Quando il 10 luglio del 2019 vide la luce l’ultimo Maggiolino Volkswagen della storia, gli occhi degli appassionati di morti si sono inumiditi. Perché quel veicolo tutto tondo ha rappresentato tanto per tante persone. E che fosse un’auto speciale lo si capiva già dal nome, scelto apposta perché la sua foggia ricordava quella del simpatico insetto. Ma la responsabilità di questo battesimo, non fu dei tedeschi, quanto degli americani. Era il 1949, la Seconda Guerra Mondiale era finita da qualche anno e la Germania, la grande sconfitta, spedì a New York due modelli Volkswagen per un’esposizione.
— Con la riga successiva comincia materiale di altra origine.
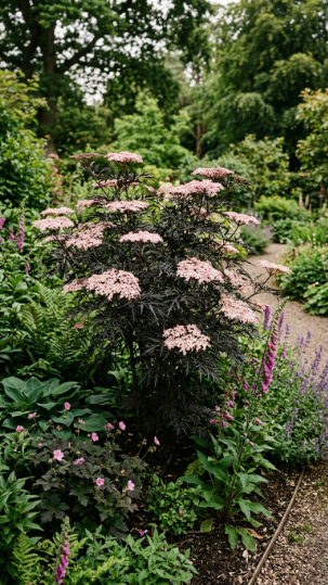 The deeply cut, near-black feathery foliage of ‘Black Lace’ looks like living black lace against a garden backdrop — extraordinarily elegant and genuinely dark — while the flat-topped pale pink flower heads in summer create a stunning light-versus-dark contrast that’s pure witchy garden gold. The black berries that follow are deeply atmospheric and wildlife-friendly.
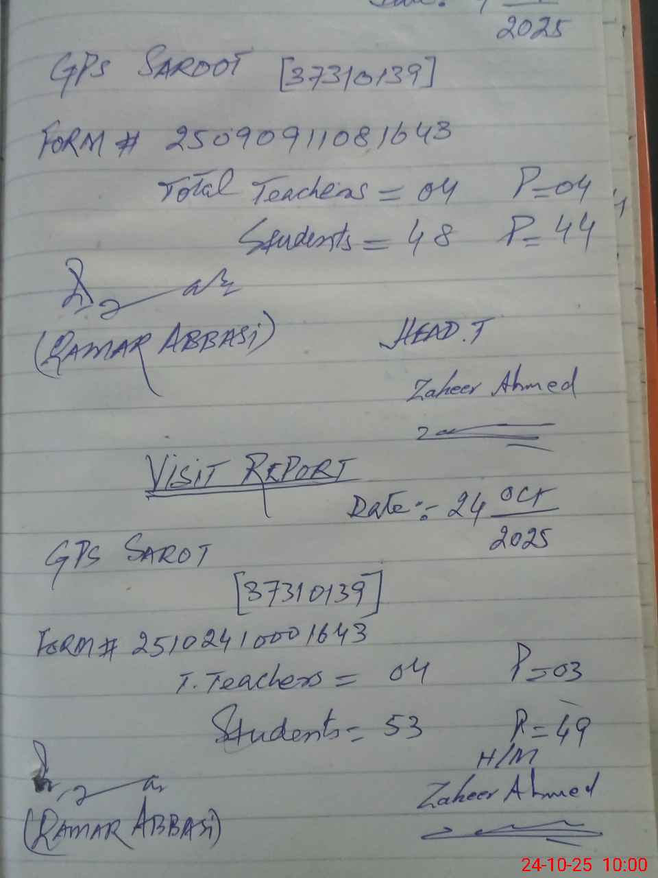 | Attendance Register | Head Teacher | MEA with School | Visit Proof |
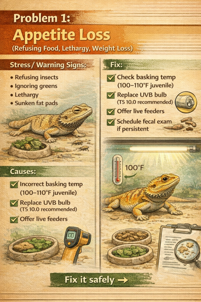Below is a complete expert breakdown of the most common bearded dragon health and behavior issues β and how to fix them safely.

In quel momento gettò i semi di una rinascita, favorita da quella macchina tutte curve che conquistò il pubblico d’Oltreoceano al primo colpo. Il New York Times ribattezzò il modello The Beetle, il maggiolino. E da lì fu storia.
Più o meno il riferimento entomologico rimase anche nelle altre lingue, anche se i termini in questione si riferiscono alla parola scarafaggio-scarabeo. Käfer in Germania, Beetle e Bug nel Regno Unito e negli U.S.A., Kever nei Paesi Bassi, Escarabajo in Spagna. In Francia si chiama Coccinelle, mentre è Fusca in Brasile.
Nel 1955 uscì dalla fabbrica il milionesimo Maggiolino, lanciando definitivamente la produzione su scala mondiale. Fortunatamente, la vita sa essere molto ironica a volte. Una macchina nata sotto il Terzo Reich, anzi voluta da Hitler in persona per dare l’idea di una Germania all’avanguardia e sempre in movimento, è diventata negli anni il simbolo della libertà giovanile. Una vera icona degli Hippies.
Ma anche l’emblema del cinema per famiglie Disney con le storie di Herbie, il dolcissimo protagonista motorizzato della saga del Maggiolino tutto matto. Nato per opera del leggendario ingegnere tedesco Ferdinand Porsche il Maggiolino, che all’epoca si chiamava semplicemente Volkswagen Typ1, lasciò a un certo punto la Germania per approdare in Messico, dove appunto l’ultimo modello del New Beetle, forte di un restyling che rappresentò l’ennesimo successo, fu messo in produzione.